# [EXERCISE DETAILS]
The lines from the top of the material through the line with "This historic residential" are to be set down exactly. Leave the pictures out.

═══ DATA SEGMENT

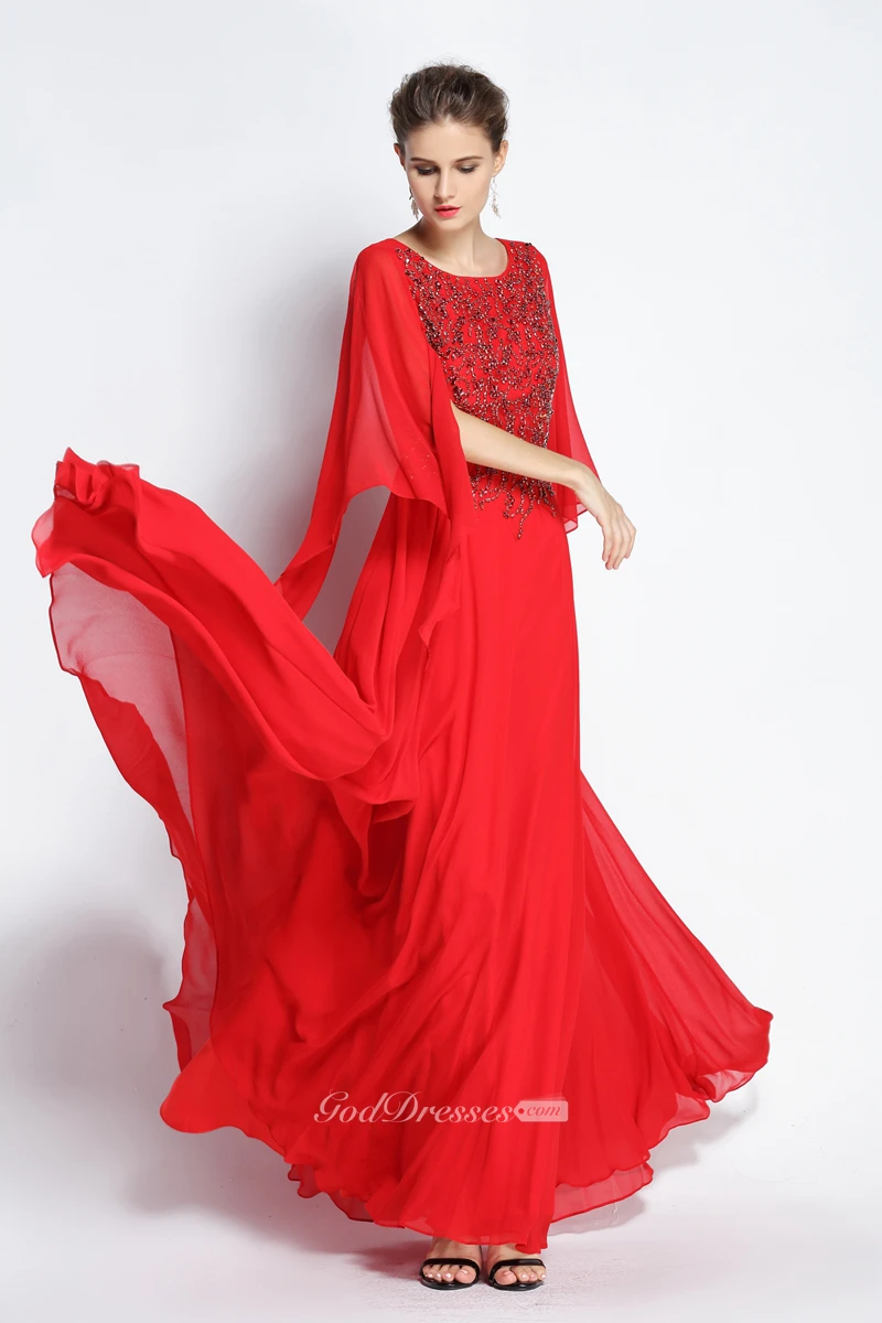 A-Line Floor-length Jewel Chiffon Long Sleeve Prom Dress with Beading and Pleats
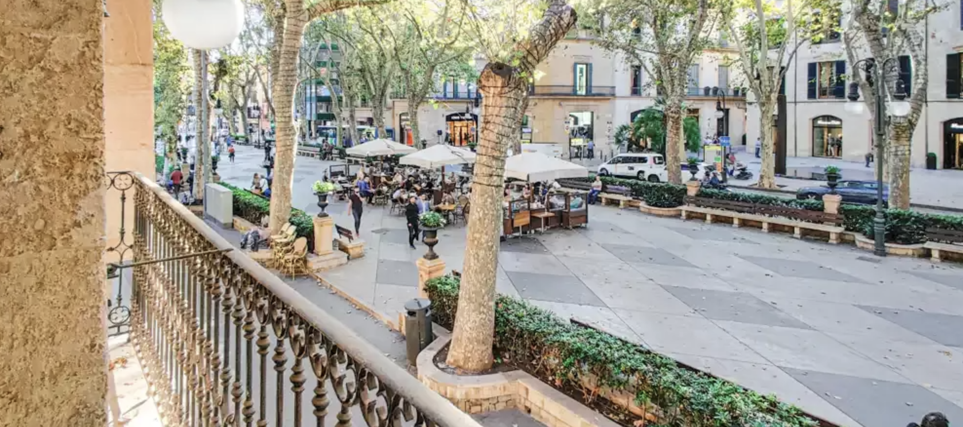 This historic residential building is located on the exclusive Passeig del Borne in the heart of Palma's old town, in a prime location. The property, with a total area of 586 m2, consists of 2 apartments, 1 penthouse, and a commercial space on the ground floor and first floor. There is a lift from the mezzanine. The duplex penthouse measures 150 m2 with a light-filled and open-plan living and dining area with access to a large and beautiful terrace with plenty of privacy and views of the stately trees of the Passeig. The modern, fully equipped kitchen is also on this level and has access to another terrace. There are two spacious bedrooms, both with en-suite bathrooms and fitted wardrobes, as well as another room that could be used as a second living area or an office.
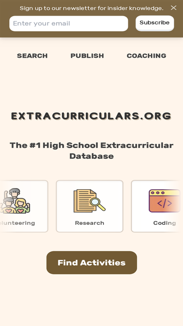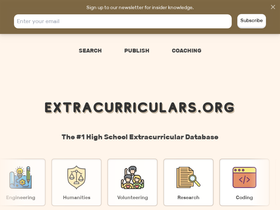 73%Showcase your high school extracurricular opportunity to a large audience by publishing it on extracurriculars.org, a non-profit organization dedicated to cataloging and listing student opportunities.

══════

# [COMPLETED EXERCISE]
 A-Line Floor-length Jewel Chiffon Long Sleeve Prom Dress with Beading and Pleats
 This historic residential building is located on the exclusive Passeig del Borne in the heart of Palma's old town, in a prime location. The property, with a total area of 586 m2, consists of 2 apartments, 1 penthouse, and a commercial space on the ground floor and first floor. There is a lift from the mezzanine. The duplex penthouse measures 150 m2 with a light-filled and open-plan living and dining area with access to a large and beautiful terrace with plenty of privacy and views of the stately trees of the Passeig. The modern, fully equipped kitchen is also on this level and has access to another terrace. There are two spacious bedrooms, both with en-suite bathrooms and fitted wardrobes, as well as another room that could be used as a second living area or an office.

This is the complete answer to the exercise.